I just want to preface this by saying that my mom is one of the nicest people I know. It’s almost impossible to get her to speak ill of someone. Because she’s so cosmically aware of the importance of her words (I am so f**ked!), she actually always wishes that her least favorite people win the lottery and move far, far away. She’s the type of woman who was never quite a hippy, but more of a spiritual seeker. The kind of woman sells her art at art fairs and her favorite tops are made of raw silk. What I’m getting at is that I grew up with a very new age mom.

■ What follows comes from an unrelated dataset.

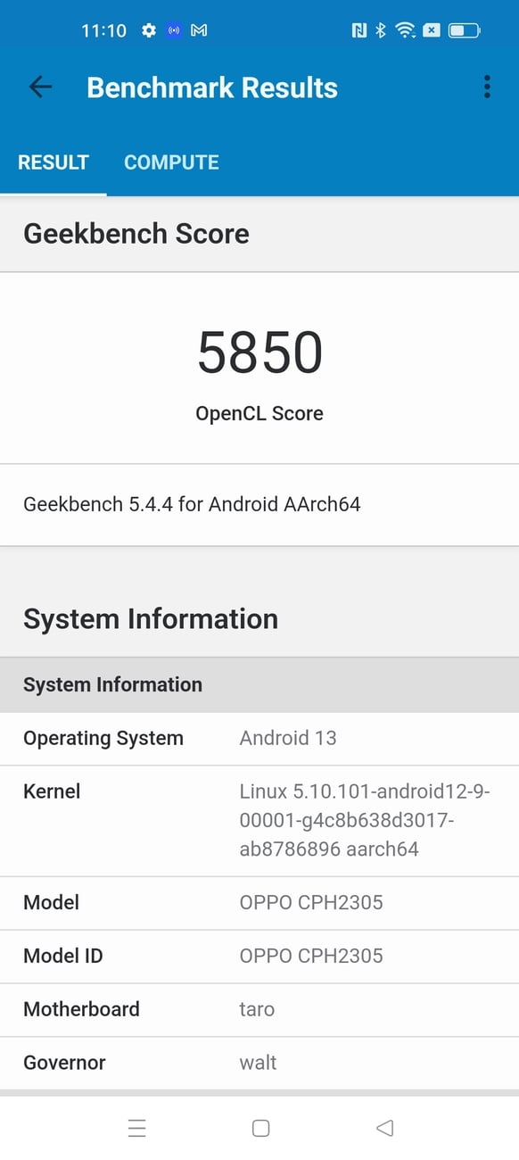 - Geekbench Compute OpenCL – 5874 pkt (ColorOS 12) vs 5886 pkt (ColorOS 13)

What does that mean? That means that when I was three and my brother was six, we were taken to the Transcendental Meditation center (TM, for those in the know) and we got mantras. It meant that I had meditation time before preschool. Having a new age mom means that when I had a bad day at school, we’d head over the mystical bookshop and get my astrological chart read. It means that I was intimately familiar with past life regressions, chakras and the healing powers of crystals before the age of 13. And it means knowing that when your mom sends you to her friend the masseuse that you should also expect that she will tell you about all the spirits around you.

It means that my mom is a Reiki practitioner – and she gave me the ability to give Reiki at 8 years old. This became sort of an amazing way to build confidence. When kids make fun of you in third grade (and they did), you want to be like, “I’m sorry but I turned into a superhero last week. I can heal people with my hands. So whatever.”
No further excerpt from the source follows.